🤖 AI Summary
Conventional Lyapunov-based methods struggle to verify incremental input-to-state stability (δISS) in reinforcement learning (RL) due to the inherent non-smoothness and unboundedness of value functions.
Method: This paper introduces a novel analytical framework that employs the reward function—as opposed to a Lyapunov function—as the test function. By constructing reward functions exhibiting exponential-decay Lipschitz continuity and adversarial Hölder continuity, we establish a rigorous equivalence between δISS and RL-style value function regularity.

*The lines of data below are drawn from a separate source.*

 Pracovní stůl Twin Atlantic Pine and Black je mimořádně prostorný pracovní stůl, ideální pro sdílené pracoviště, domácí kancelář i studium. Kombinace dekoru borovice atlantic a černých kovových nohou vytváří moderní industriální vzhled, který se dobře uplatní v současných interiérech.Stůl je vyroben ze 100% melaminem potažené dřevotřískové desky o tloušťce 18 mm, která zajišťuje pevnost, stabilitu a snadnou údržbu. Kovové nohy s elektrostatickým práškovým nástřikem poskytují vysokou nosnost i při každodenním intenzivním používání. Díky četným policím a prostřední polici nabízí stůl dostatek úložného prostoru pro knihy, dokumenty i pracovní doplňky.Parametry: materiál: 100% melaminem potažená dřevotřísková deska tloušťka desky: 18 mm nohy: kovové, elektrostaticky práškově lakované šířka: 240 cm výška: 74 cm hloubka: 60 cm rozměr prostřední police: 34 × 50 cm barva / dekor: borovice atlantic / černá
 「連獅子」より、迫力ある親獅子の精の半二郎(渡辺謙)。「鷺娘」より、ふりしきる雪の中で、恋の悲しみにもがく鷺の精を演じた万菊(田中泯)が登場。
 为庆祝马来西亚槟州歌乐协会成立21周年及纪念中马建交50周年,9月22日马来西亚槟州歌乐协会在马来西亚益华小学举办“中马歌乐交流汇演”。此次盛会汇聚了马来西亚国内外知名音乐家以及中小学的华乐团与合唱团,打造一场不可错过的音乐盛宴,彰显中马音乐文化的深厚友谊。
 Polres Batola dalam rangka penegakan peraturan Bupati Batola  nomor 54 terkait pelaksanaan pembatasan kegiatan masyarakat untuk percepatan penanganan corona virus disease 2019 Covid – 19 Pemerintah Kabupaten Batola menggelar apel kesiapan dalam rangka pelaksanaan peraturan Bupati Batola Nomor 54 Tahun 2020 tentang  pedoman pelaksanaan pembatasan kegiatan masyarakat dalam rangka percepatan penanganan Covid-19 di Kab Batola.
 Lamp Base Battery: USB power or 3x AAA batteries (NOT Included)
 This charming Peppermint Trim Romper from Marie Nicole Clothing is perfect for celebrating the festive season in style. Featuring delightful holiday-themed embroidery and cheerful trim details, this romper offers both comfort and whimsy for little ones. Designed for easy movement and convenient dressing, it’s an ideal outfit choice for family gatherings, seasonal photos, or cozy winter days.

Contribution/Results: Our approach overcomes classical Lyapunov requirements—namely smoothness, boundedness, and positive definiteness—enabling δISS certification under bidirectionally unbounded and non-smooth rewards. Experiments demonstrate that δISS can be verified directly on policy-closed-loop systems without explicit Lyapunov construction, offering a new paradigm for stability analysis of learning-based control systems.
📝 Abstract
This paper presents a novel framework for analyzing Incremental-Input-to-State Stability ($δ$ISS) based on the idea of using rewards as "test functions." Whereas control theory traditionally deals with Lyapunov functions that satisfy a time-decrease condition, reinforcement learning (RL) value functions are constructed by exponentially decaying a Lipschitz reward function that may be non-smooth and unbounded on both sides. Thus, these RL-style value functions cannot be directly understood as Lyapunov certificates. We develop a new equivalence between a variant of incremental input-to-state stability of a closed-loop system under given a policy, and the regularity of RL-style value functions under adversarial selection of a Hölder-continuous reward function. This result highlights that the regularity of value functions, and their connection to incremental stability, can be understood in a way that is distinct from the traditional Lyapunov-based approach to certifying stability in control theory.